William Channing Gibbs (February 10, 1787February 21, 1871) was the tenth Governor of Rhode Island from 1821 to 1824.

Early life
Gibbs was born in Newport, Rhode Island, the son of George Gibbs and Mary Channing. He served in the state militia, rising to the rank of major general.

Family
Governor Gibbs was married to Mary Kane, with whom he had ten children.

One daughter, Sarah Gibbs, married Robert Means Thompson, a naval officer, business executive and president of the American Olympic Association.   Thompson also served as the Commander-in-Chief of the Military Order of the Loyal Legion of the United States.

His son, Theodore K. Gibbs (born in 1840), served in the Union Army during the American Civil War. He was commissioned a 2nd lieutenant in the 1st Artillery in October 1861 and was promoted to 1st lieutenant in February 1862.  He received brevets (honorary promotions) to the ranks of captain and major for gallantry in action at the battles of Olustee, Florida and Cold Harbor, Virginia respectively.  He was a companion of the Massachusetts Commandery of the Military Order of the Loyal Legion of the United States.  He resigned from the Army in May 1870 and lived in New York City and Newport, Rhode Island until his death in 1909.

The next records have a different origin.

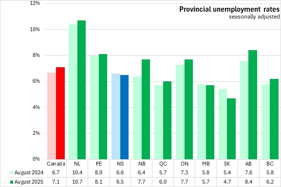 The national unemployment rate was 7.1% in August 2025, up from 6.7% in August 2024. Saskatchewan had the lowest unemployment rate while Newfoundland and Labrador reported the highest unemployment rate in August 2025.
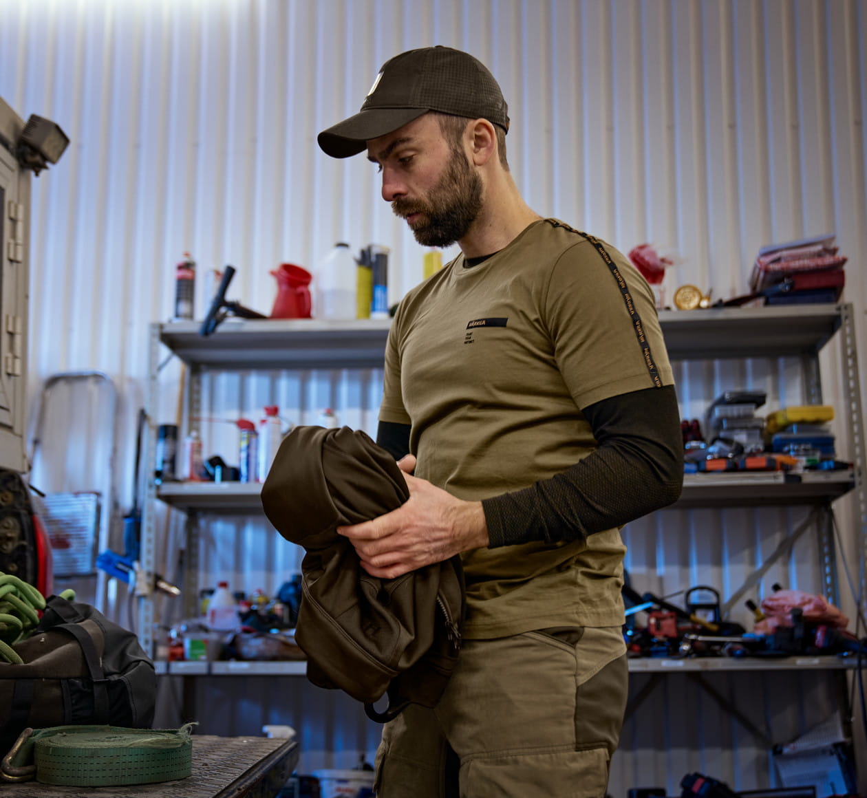 - Haftowana taśma z logo Härkila na ramionach i rękawach
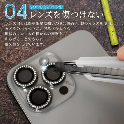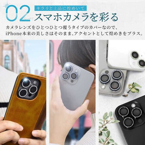 shizukawill iPhone16 Pro カメラレンズ 保護 レンズカバー キラキラ ラインストーン ガラスフィルム 保護フィルム shizukawill(シズカウィル) シルバー APIP16PRC2SIGL

Another son, Eugene Beauharnais Gibbs (born in 1833), served as a captain in the 2nd California Infantry during the Civil War.  After the war, he was commissioned as a 2nd lieutenant the 8th Infantry in the Regular Army, rose to the rank of captain, and served until his death in 1882.

Political career
He was a representative in Rhode Island's General Assembly from 1816 to 1820. He served as governor from May 2, 1821, to May 5, 1824.

During the three terms that he was governor, the state ballot held the question of expanding suffrage, but it was constantly rejected. In his last term, a Constitutional Convention drafted a document about voting rights irregularities, nevertheless, no changes to the State Constitution were accepted by the voters.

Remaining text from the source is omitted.